A real use case, a strict grounding constraint, and what building it actually taught me.

Our family cat Berlioz was diagnosed with Chronic Kidney Disease. The vet left without much dietary guidance. My mother started sending me photos of ingredient labels to validate — phosphorus levels, inorganic phosphates, urinary acidifiers. Every week.

I have a biochemistry background. I read the literature, compiled a knowledge base, wrote a document. That document created a new problem: now she had questions. Lots of them. Regularly.

I could have told her to ask ChatGPT. But a general-purpose LLM will confidently invent nutritional thresholds for a sick cat. A hallucinated phosphorus value of 1.3 g/Mcal instead of 1.0 isn’t “close enough” — it’s potentially harmful. That’s a hard no.

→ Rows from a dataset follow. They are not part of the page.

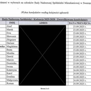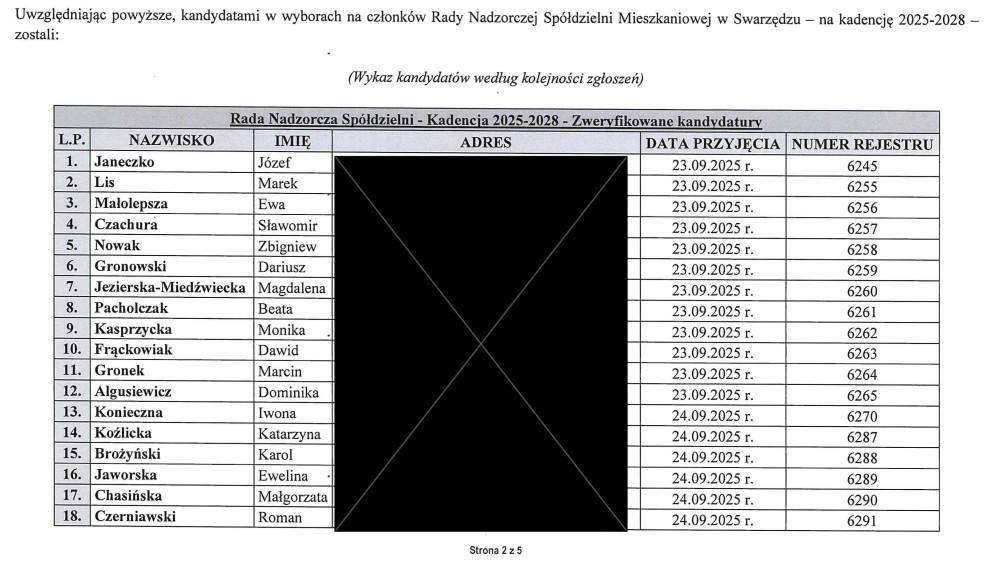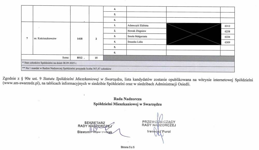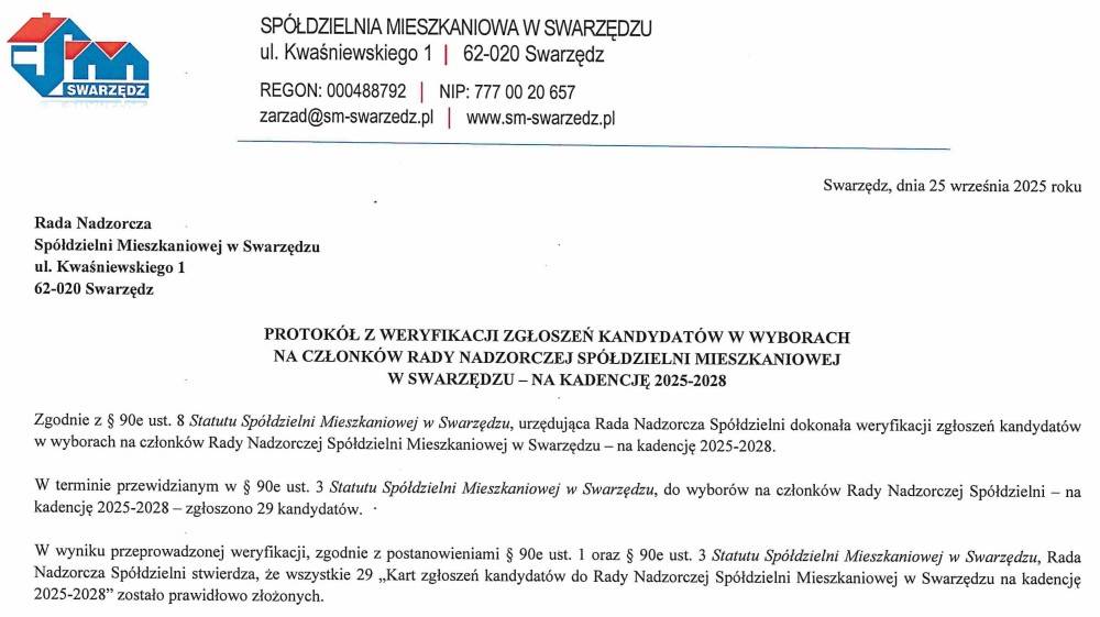 Lista kandydatów na członków Rady Nadzorczej Spółdzielni Mieszkaniowej w Swarzędzu w kadencji 2025-2028 dostępna jest poniżej.
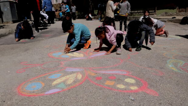 Ulu Cami Civarı Güngör Sokak’ta gerçekleştirilen etkinlikte, Sakarya İlkokulu Anasınıfı, 1,2,3 ve 4’üncü sınıfta eğitim gören 180 öğrenci, Makü Eğtim Fakültesi’nde eğitim gören 50 öğretmen adayı ve veliler ile birlikte Üçdibek Mahallesi Güngör Caddesi zeminine ‘bahar’ temalı resimler yaptı.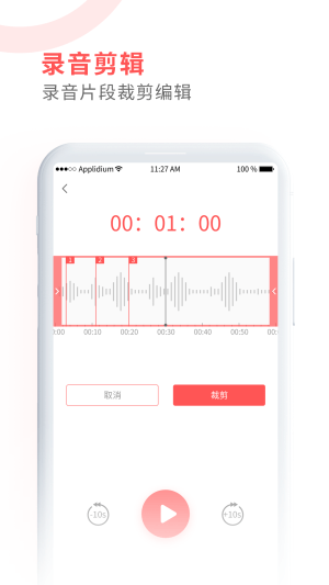 支持对音频文件进行截取,截取重要的部分,删掉不必要的部分;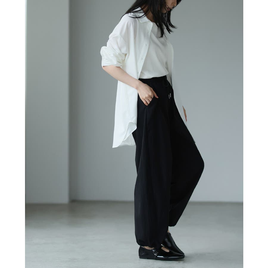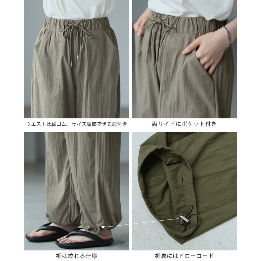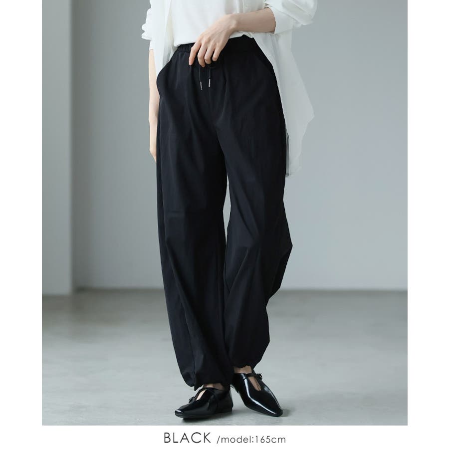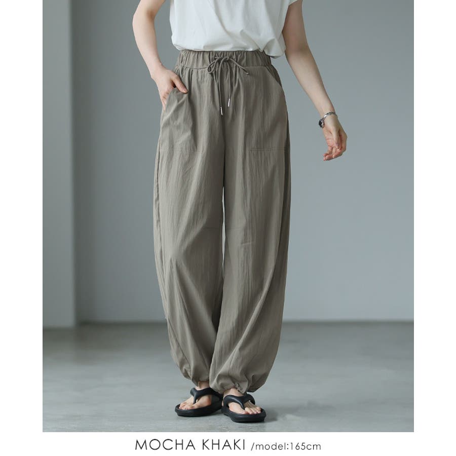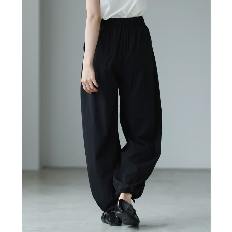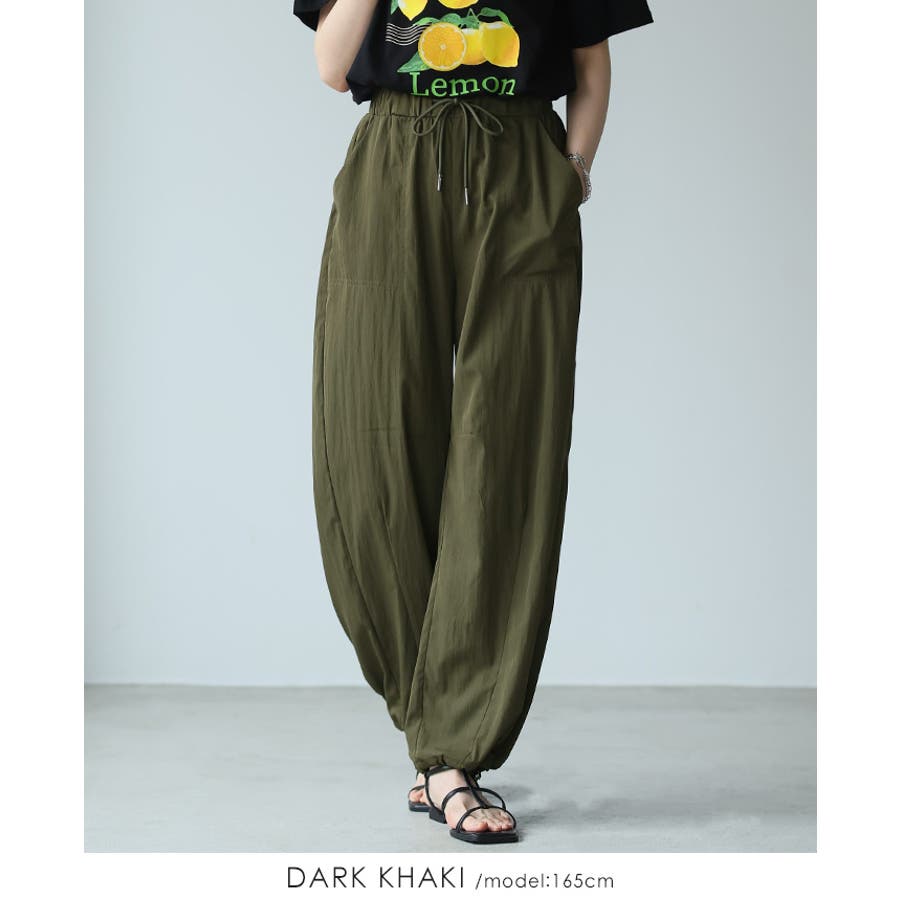 ゆったりとしたシルエットで、裾のドロストでキュっと絞れるデザイン。

I knew RAG. I’d read the papers, followed the benchmarks, understood the pattern from my tech watch and studies. So I built Berlioz — a feline nutrition analyzer with a strictly grounded RAG chat, deployed on Vercel, zero infrastructure cost.

What I didn’t expect was how much building it for real — on a domain where mistakes have consequences — would force me to think differently about every decision in the pipeline.

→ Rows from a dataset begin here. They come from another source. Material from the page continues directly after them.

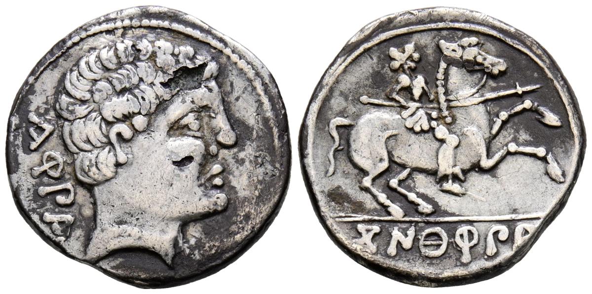 CONTERBIA CARBICA (Huete, Cuenca). Denario. (Ar. 2,90g/18mm). 120-80 a.C. (FAB-845). Anv: Cabeza masculina a derecha, detrás leyenda: CaRBICA. Rev: Jinete con lanza a derecha, debajo leyenda ibérica bajo leyenda: CoNTERBiA. MBC. Oxidaciones limpiadas. Escaso ejemplar.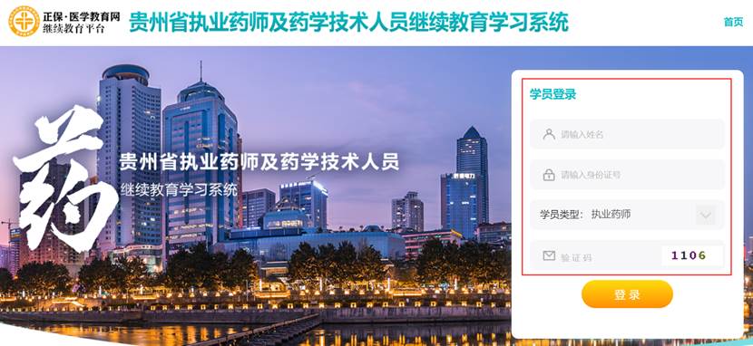 通过贵州省药监局宣教中心官网注册后,进入“正保医学教育网”继续教育学习系统,用“姓名”、“身份证号”和验证码登录。登录后完善个人信息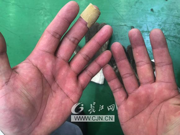 當我問道手上的創口貼時,周虎笑著說,好的鉗工都不能戴手套,特別是在檢驗設備時,看看設備的接口處有無毛刺,所以手也會經常受傷,舊傷未好新傷就來了,如果接口有毛刺,戴著手套是根本無法檢測的。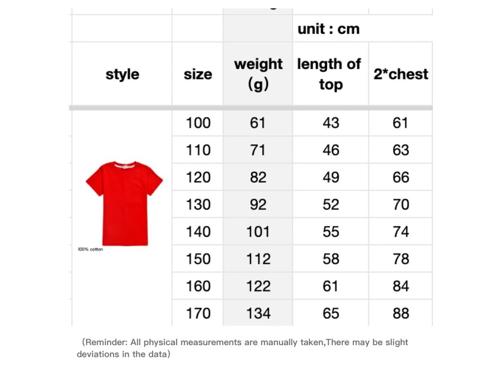| Velikost | Váha trička (g) | Délka trička (cm) | Obvod hrudníku (cm) |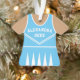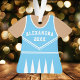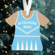 Celebra el espíritu de tu animadora con este adorno de uniforme de animadora azul y blanco personalizado. Perfecto para conmemorar una temporada especial, equipo o logro individual. Personalízalo con un nombre y año para crear un recuerdo único.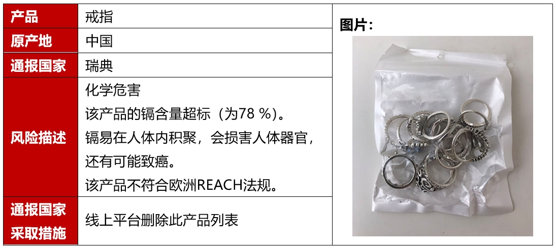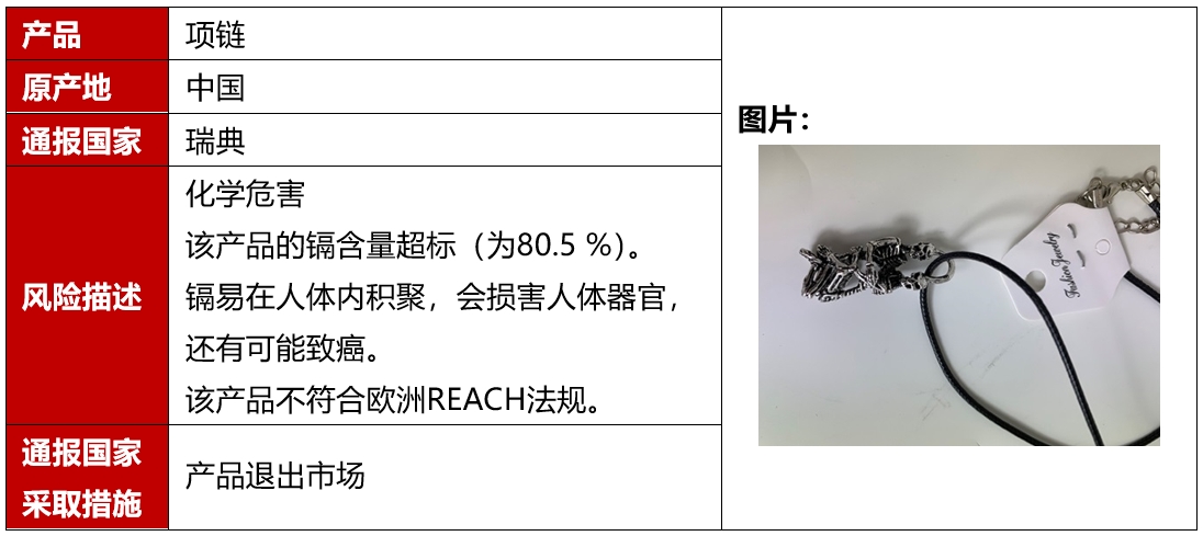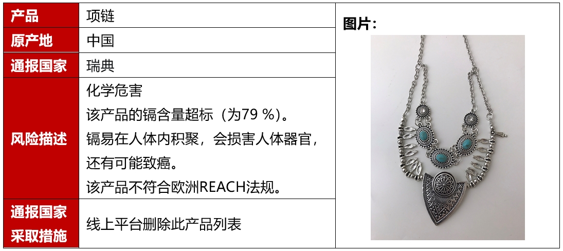 2023年12月,歐盟、美國、加拿大和澳洲共發(fā)生7例飾品召回案例,這些召回發(fā)生在歐盟,而且都是因為重金屬超標引起的。

The problem: why a general LLM fails here

Before architecture, the why matters.

The naive solution is to paste the question into ChatGPT with some context. The problem is structural: a generative model fills gaps in its knowledge with plausible extrapolations. For feline nephrology — a niche domain with precise thresholds derived from specific studies — plausible is dangerous.

The two alternatives I considered seriously:

Fine-tuning. Retrain the model on veterinary nutrition data so the knowledge becomes intrinsic to its weights. Sounds right. Doesn’t work. Fine-tuning teaches a model to sound like a feline nutritionist — it learns style, not facts. It will interpolate. If the training data says “phosphorus ≤ 1.2 g/Mcal”, the fine-tuned model might output 1.15 or 1.3 depending on context. It generates, it doesn’t cite. Add the cost of retraining every time new research comes out, and fine-tuning is a non-starter for a domain that evolves.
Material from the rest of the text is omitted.